Re: recommended nodes

Posted by Jean-Marc Spaggiari <je...@spaggiari.org>.

Hi Mike,

Why not using LVM with MapR? Since LVM is reading from 2 drives almost
at the same time, it should be better than RAID0 or a single drive,
no?

2012/11/28, Michael Segel <mi...@hotmail.com>:
> Just a couple of things.
>
> I'm neutral on the use of LVMs. Some would point out that there's some
> overhead, but on the flip side, it can make managing the machines easier.
> If you're using MapR, you don't want to use LVMs but raw devices.
>
> In terms of GC, its going to depend on the heap size and not the total
> memory. With respect to HBase. ... MSLABS is the way to go.
>
>
> On Nov 28, 2012, at 12:05 PM, Jean-Marc Spaggiari <je...@spaggiari.org>
> wrote:
>
>> Hi Gregory,
>>
>> I founs this about LVM:
>> -> http://blog.andrew.net.au/2006/08/09
>> -> http://www.phoronix.com/scan.php?page=article&item=fedora_15_lvm&num=2
>>
>> Seems that performances are still correct with it. I will most
>> probably give it a try and bench that too... I have one new hard drive
>> which should arrived tomorrow. Perfect timing ;)
>>
>>
>>
>> JM
>>
>> 2012/11/28, Mohit Anchlia <mo...@gmail.com>:
>>>
>>>
>>>
>>>
>>> On Nov 28, 2012, at 9:07 AM, Adrien Mogenet <ad...@gmail.com>
>>> wrote:
>>>
>>>> Does HBase really benefit from 64 GB of RAM since allocating too large
>>>> heap
>>>> might increase GC time ?
>>>>
>>> Benefit you get is from OS cache
>>>> Another question : why not RAID 0, in order to aggregate disk bandwidth
>>>> ?
>>>> (and thus keep 3x replication factor)
>>>>
>>>>
>>>> On Wed, Nov 28, 2012 at 5:58 PM, Michael Segel
>>>> <mi...@hotmail.com>wrote:
>>>>
>>>>> Sorry,
>>>>>
>>>>> I need to clarify.
>>>>>
>>>>> 4GB per physical core is a good starting point.

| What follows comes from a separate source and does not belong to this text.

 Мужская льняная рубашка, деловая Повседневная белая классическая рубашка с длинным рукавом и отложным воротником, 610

>>>>> So with 2 quad core chips, that is going to be 32GB.
>>>>>
>>>>> IMHO that's a minimum. If you go with HBase, you will want more.
>>>>> (Actually
>>>>> you will need more.) The next logical jump would be to 48 or 64GB.
>>>>>
>>>>> If we start to price out memory, depending on vendor, your company's
>>>>> procurement,  there really isn't much of a price difference in terms
>>>>> of
>>>>> 32,48, or 64 GB.
>>>>> Note that it also depends on the chips themselves. Also you need to
>>>>> see
>>>>> how many memory channels exist in the mother board. You may need to
>>>>> buy
>>>>> in
>>>>> pairs or triplets. Your hardware vendor can help you. (Also you need
>>>>> to
>>>>> keep an eye on your hardware vendor. Sometimes they will give you
>>>>> higher
>>>>> density chips that are going to be more expensive...) ;-)
>>>>>
>>>>> I tend to like having extra memory from the start.

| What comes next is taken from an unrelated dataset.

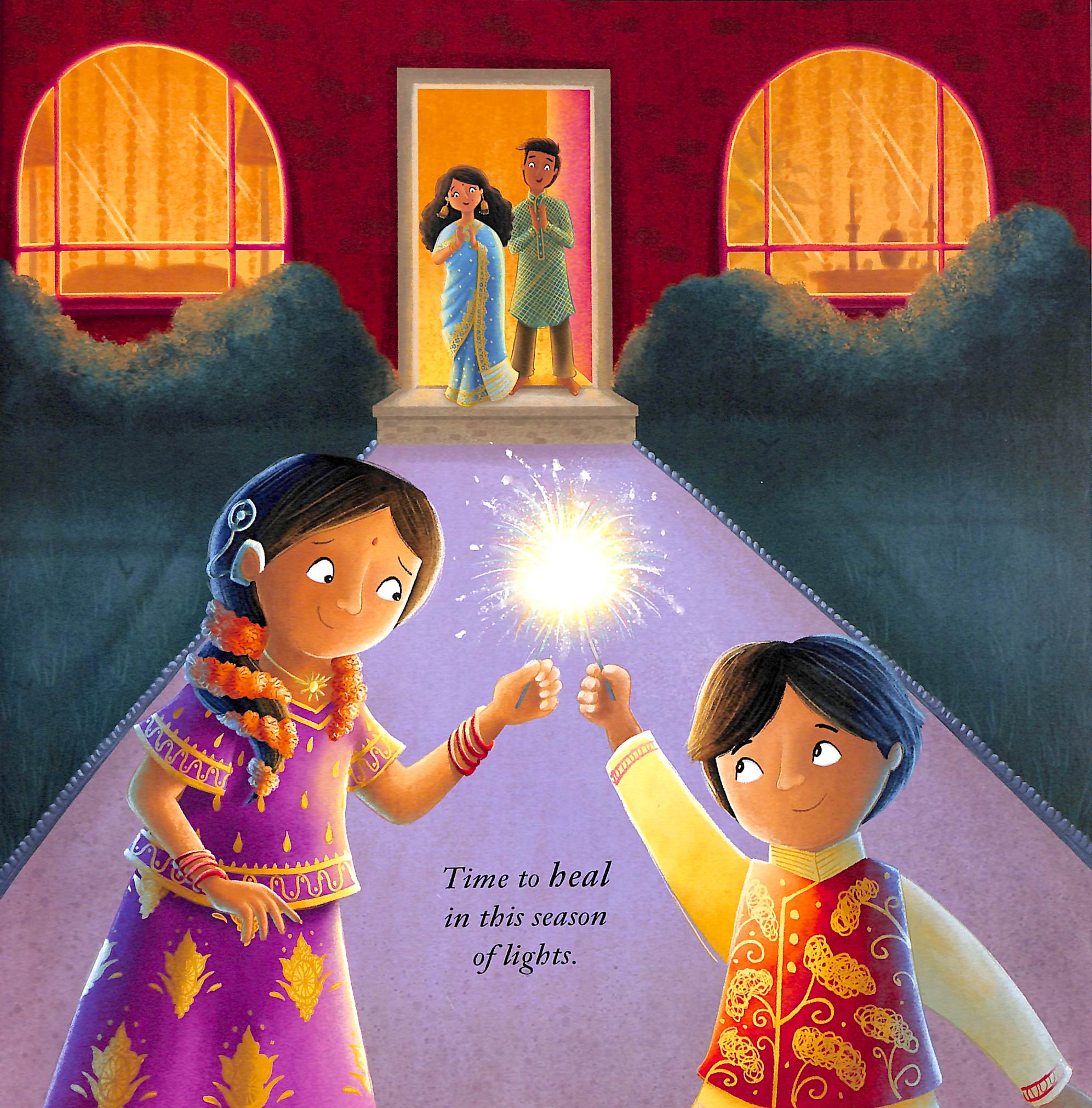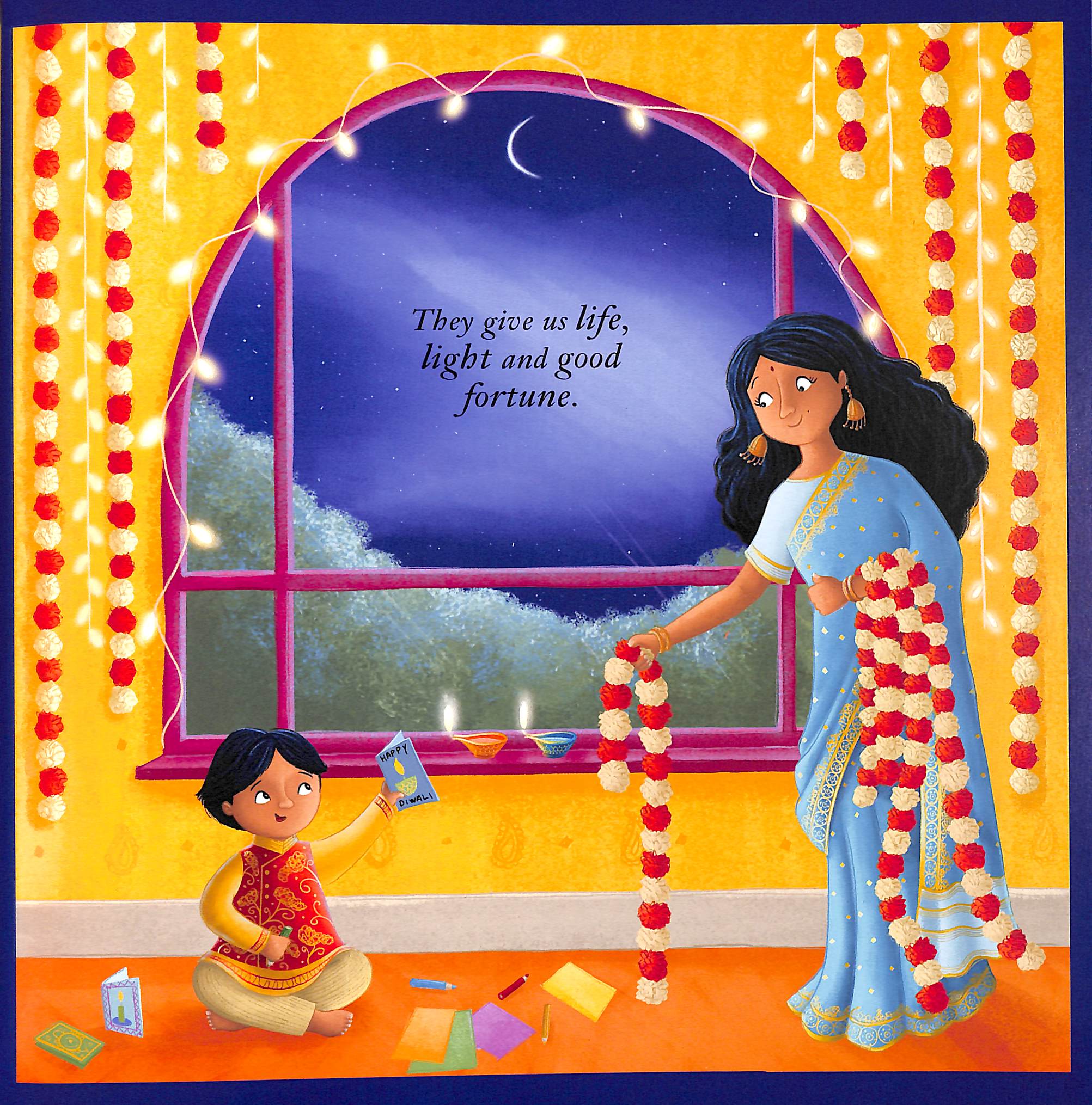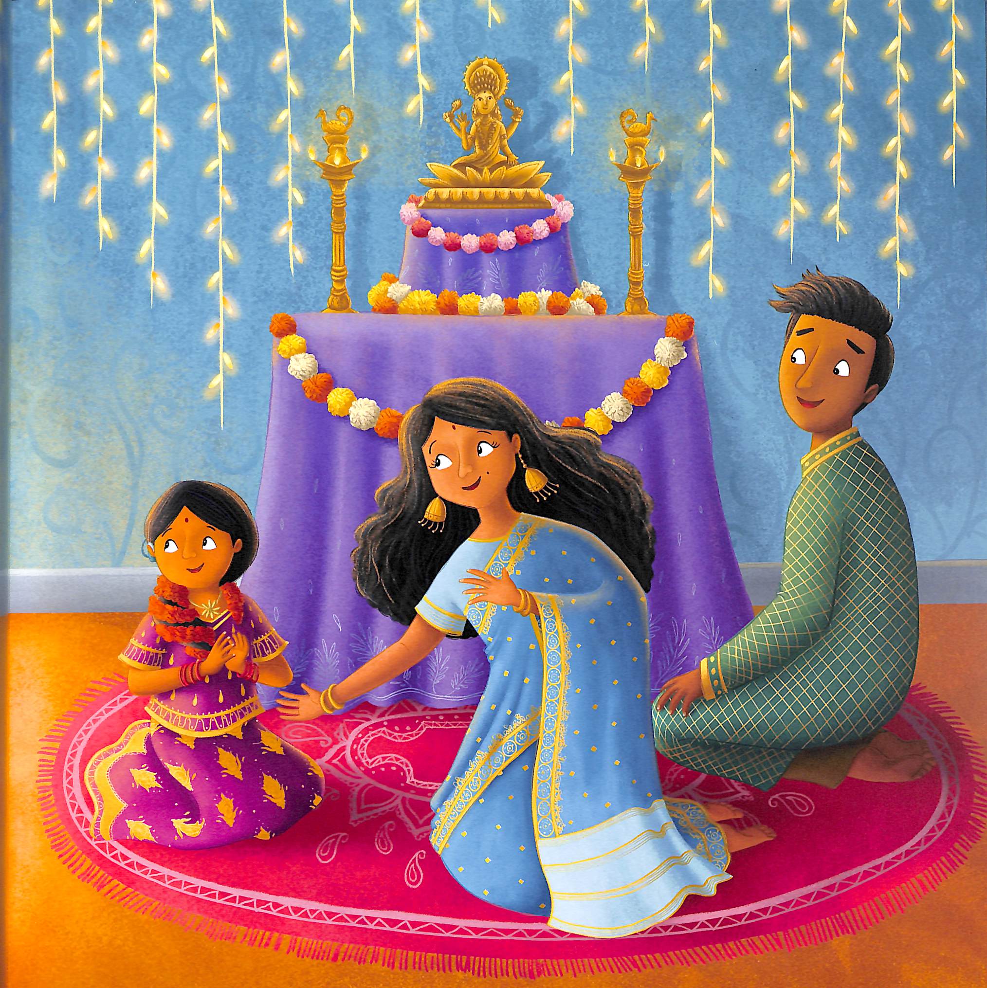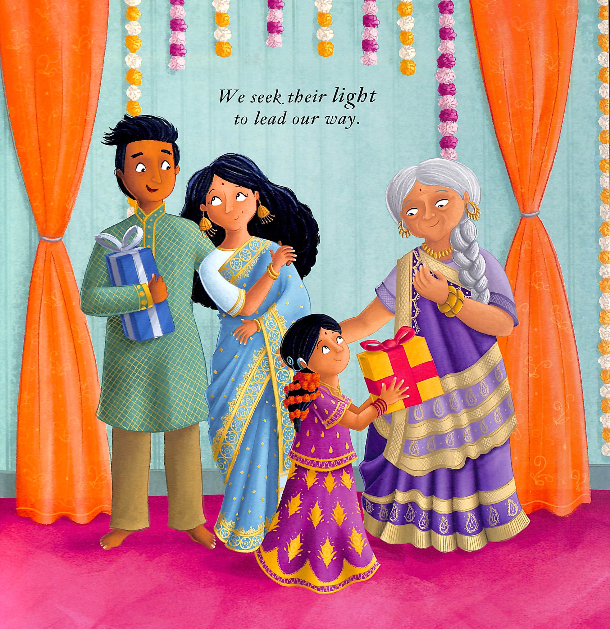 One lamp welcomes the goddess of wealth. She blesses all with wisdom and health. Feasts. Fireworks. Fun with family and friends. Shine a light on the magical moments that make up Diwali, the Festival of Lights, in this warm and dazzling storybook.

>>>>> It gives you a bit more freedom and also protects you from 'fat' code.
>>>>>
>>>>> Looking at YARN... you will need more memory too.
>>>>>
>>>>>
>>>>> With respect to the hard drives...
>>>>>
>>>>> The best recommendation is to keep the drives as JBOD and then use 3x
>>>>> replication.
>>>>> In this case, make sure that the disk controller cards can handle
>>>>> JBOD.
>>>>> (Some don't support JBOD out of the box)
>>>>>
>>>>> With respect to RAID...
>>>>>
>>>>> If you are running MapR, no need for RAID.

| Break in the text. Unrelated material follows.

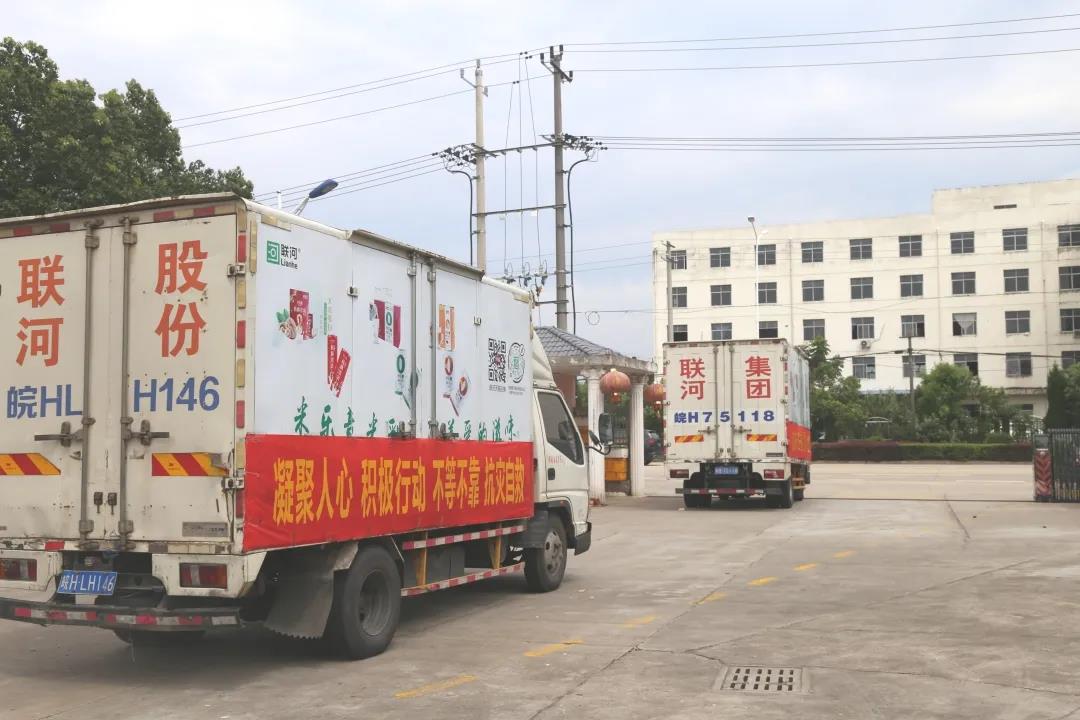 7月12日下午,安徽聯河集團兩部車身貼著紅色橫幅“齊心協力 防汛搶險”“攜手并肩 保衛家園”的貨車,緩緩開進望江縣華陽鎮、雷池鄉支援防汛抗災的武警官兵臨時駐地,車上滿載著為一線防汛官兵捐贈的生活物資,以實際行動為防汛抗災貢獻聯河力量。
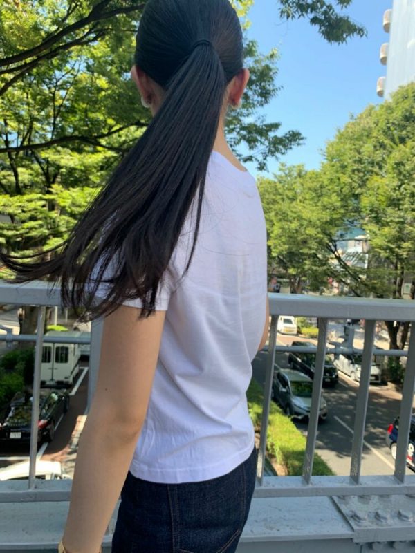 髪を後ろで結ぶだけの簡単なヘアアレンジ方法ながら、すっきりした清潔感あふれる髪型に大変身。

>>>>> If you are running an Apache derivative, you could use RAID 1. Then
>>>>> cut
>>>>> your replication to 2X. This makes it easier to manage drive failures.
>>>>> (Its not the norm, but it works...) In some clusters, they are using
>>>>> appliances like Net App's e series where the machines see the drives
>>>>> as
>>>>> local attached storage and I think the appliances themselves are using
>>>>> RAID.  I haven't played with this configuration, however it could make
>>>>> sense and its a valid design.
>>>>>
>>>>> HTH
>>>>>
>>>>> -Mike
>>>>>
>>>>> On Nov 28, 2012, at 10:33 AM, Jean-Marc Spaggiari
>>>>> <je...@spaggiari.org>
>>>>> wrote:
>>>>>
>>>>>> Hi Mike,
>>>>>>
>>>>>> Thanks for all those details!
>>>>>>
>>>>>> So to simplify the equation, for 16 virtual cores we need 48 to 64GB.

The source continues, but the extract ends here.